AIM OF THE TASK => Return the data below unaltered, but strip out the pictures.

Recorded data =>
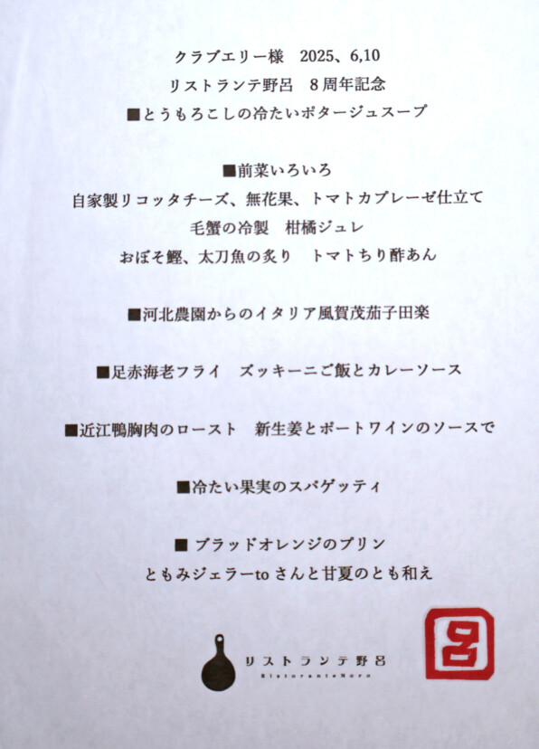 「リストランテ 野呂」です。
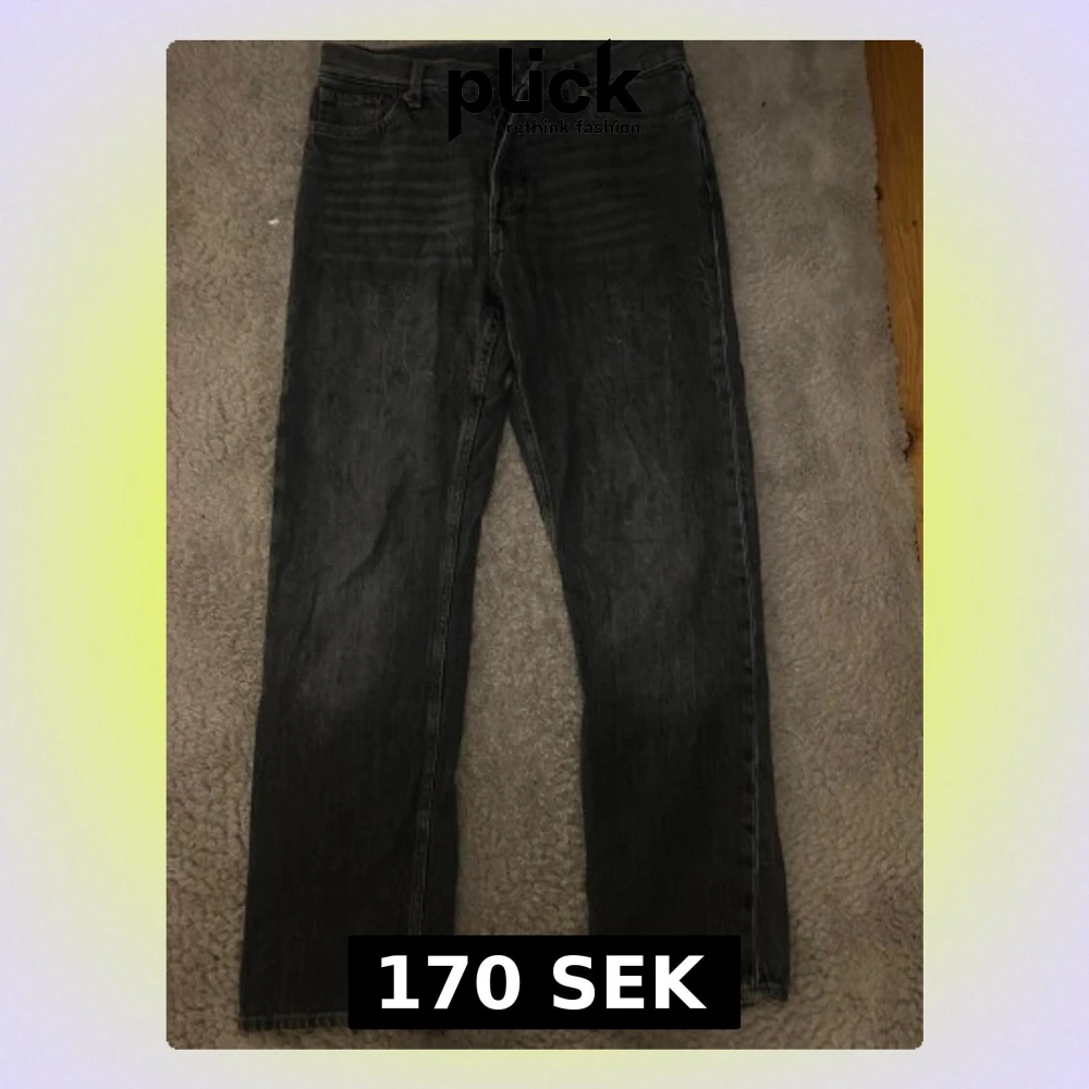 Säljer ett par gråa jeans med rak passform och diskreta slitningar. Jeansen har klassisk femficksdesign och normal midja. Materialet är denim i bomull. Den sista bilden visar hur färgen är under starkt ljus/ blixt. Dom har tappat lite färg nere vid slutet av benen.
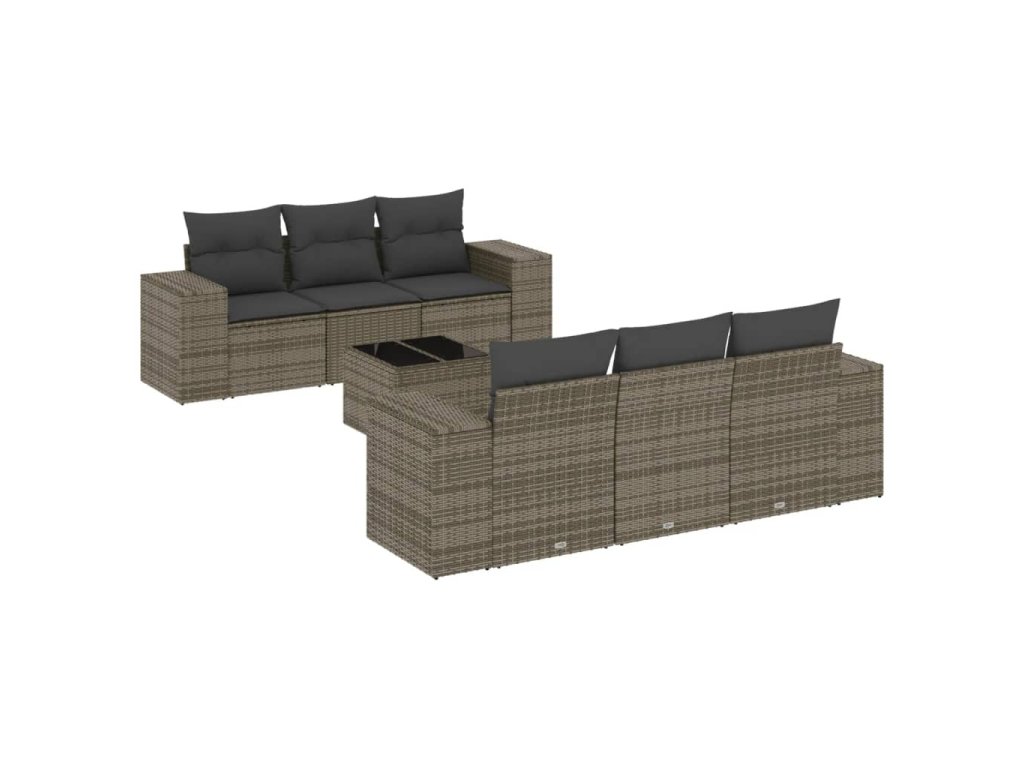 7dílná zahradní sedací souprava s poduškami šedá polyratan 3254647
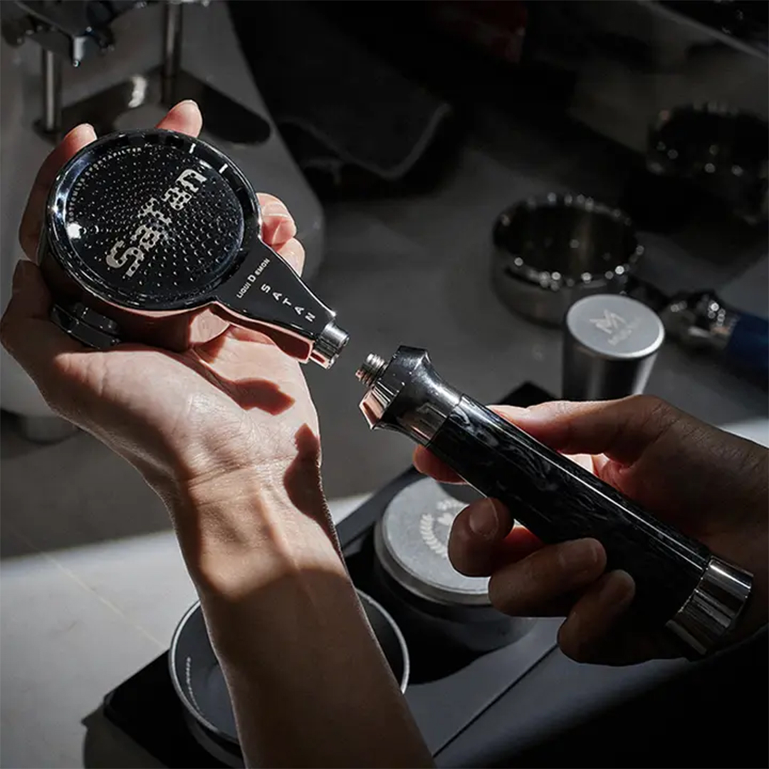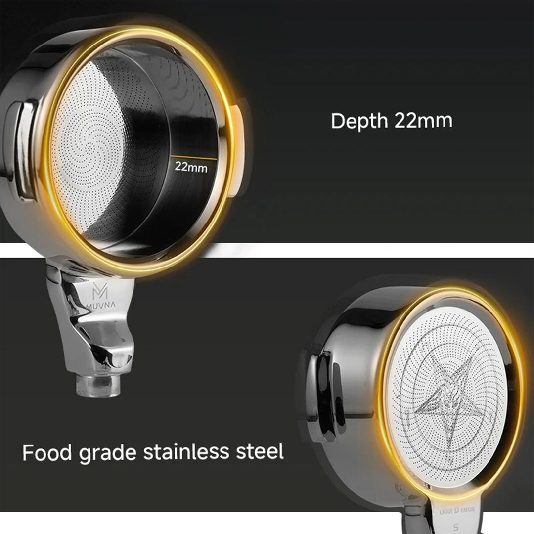 Built with a high-quality stainless steel head and a sleek black ergonomic handle, the Muvna portafilter provides excellent balance and heat stability. Its solid construction helps maintain consistent water flow through the coffee puck, resulting in richer flavor and improved crema.
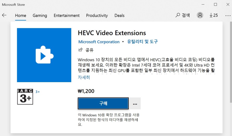 다음으로 윈도우10 정식 스토어에서 EHVCVideoExtensions 코덱이 필요합니다. 1200원짜리인데 충분히 투자할만해요~
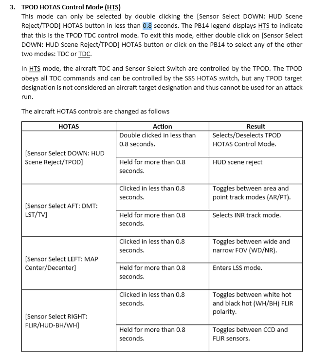 ) is the 0.8 second shortcut functions - are there some on the Sensor Select castle, something about near/far zoom etc. I need to check those out if they are in the module now. Itās in the pocket guide under 'TPOD HOTAS Control Mode (HTS) but havenāt played with it yet.
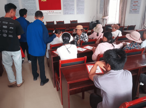 “光听不练假把式,咱得亲手试试!”课堂转入实操环节,“蓝朋友”们不仅传授了如何扑救初期火灾、火场如何自救逃生、如何正确拨打报警电话等救命要诀,更带来了实战演练。他们手把手地指导村民如何操作灭火器的“提、拨、握、压”四字真经。在队员们的悉心指导下,村民们按捺不住,纷纷上前体验,亲手提起灭火器,认真学习体验。现场气氛热烈,互动踊跃,村民们从“听得懂、学得会”跃升到“记得住、敢操作”,真正掌握了在危机时刻沉着冷静、正确处置的底气。
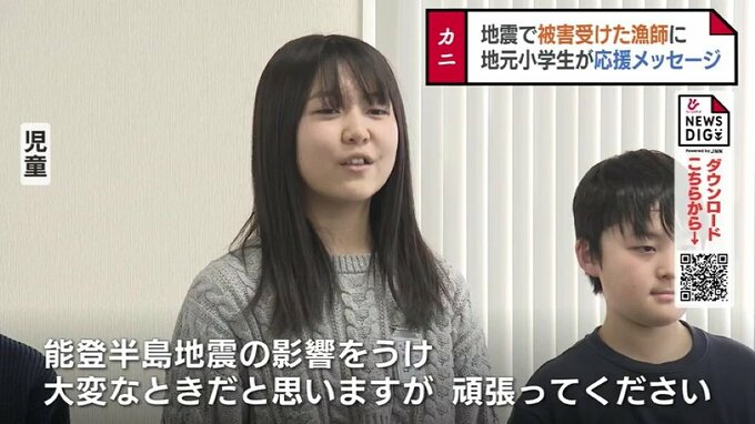 「学校でみんなとカニを食べてとても嬉しかったです。能登半島地震の影響をうけ大変な時だと思いますが頑張ってください」
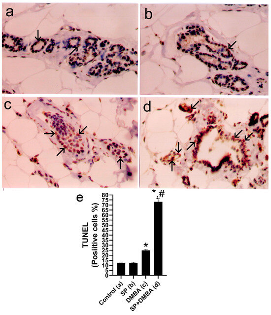 Figure displays the presence of TUNEL-positive cells in the mammary tissues of rats subjected to several treatments: (a) vehicle (as a control), SP (b), DMBA (c), and DMBA + SP (d). The semi-quantitative analysis (e) and the photomicrographs reveal the percentage of TUNEL-positive cells in various experimental groups. The percentage of TUNEL-positive cells in each slice was determined by quantifying the number of cells exhibiting brown staining using a 400× magnification, out of a total of 1000 cells. Arrows show TUNEL-positive cells (400×, H counterstained). Values expressed as mean ± SEM for six animals in each group. Significance was determined by one-way analysis of variance followed by a post hoc Dunnett’s test. * p < 0.05 vs. control group; # p < 0.05 vs. DMBA group.

REPLY TO THE EXERCISE =>
 「リストランテ 野呂」です。
 Säljer ett par gråa jeans med rak passform och diskreta slitningar. Jeansen har klassisk femficksdesign och normal midja. Materialet är denim i bomull. Den sista bilden visar hur färgen är under starkt ljus/ blixt. Dom har tappat lite färg nere vid slutet av benen.
 7dílná zahradní sedací souprava s poduškami šedá polyratan 3254647
 Built with a high-quality stainless steel head and a sleek black ergonomic handle, the Muvna portafilter provides excellent balance and heat stability. Its solid construction helps maintain consistent water flow through the coffee puck, resulting in richer flavor and improved crema.
 다음으로 윈도우10 정식 스토어에서 EHVCVideoExtensions 코덱이 필요합니다. 1200원짜리인데 충분히 투자할만해요~
 ) is the 0.8 second shortcut functions - are there some on the Sensor Select castle, something about near/far zoom etc. I need to check those out if they are in the module now. Itās in the pocket guide under 'TPOD HOTAS Control Mode (HTS) but havenāt played with it yet.
 “光听不练假把式,咱得亲手试试!”课堂转入实操环节,“蓝朋友”们不仅传授了如何扑救初期火灾、火场如何自救逃生、如何正确拨打报警电话等救命要诀,更带来了实战演练。他们手把手地指导村民如何操作灭火器的“提、拨、握、压”四字真经。在队员们的悉心指导下,村民们按捺不住,纷纷上前体验,亲手提起灭火器,认真学习体验。现场气氛热烈,互动踊跃,村民们从“听得懂、学得会”跃升到“记得住、敢操作”,真正掌握了在危机时刻沉着冷静、正确处置的底气。
 「学校でみんなとカニを食べてとても嬉しかったです。能登半島地震の影響をうけ大変な時だと思いますが頑張ってください」
 Figure displays the presence of TUNEL-positive cells in the mammary tissues of rats subjected to several treatments: (a) vehicle (as a control), SP (b), DMBA (c), and DMBA + SP (d). The semi-quantitative analysis (e) and the photomicrographs reveal the percentage of TUNEL-positive cells in various experimental groups. The percentage of TUNEL-positive cells in each slice was determined by quantifying the number of cells exhibiting brown staining using a 400× magnification, out of a total of 1000 cells. Arrows show TUNEL-positive cells (400×, H counterstained). Values expressed as mean ± SEM for six animals in each group. Significance was determined by one-way analysis of variance followed by a post hoc Dunnett’s test. * p < 0.05 vs. control group; # p < 0.05 vs. DMBA group.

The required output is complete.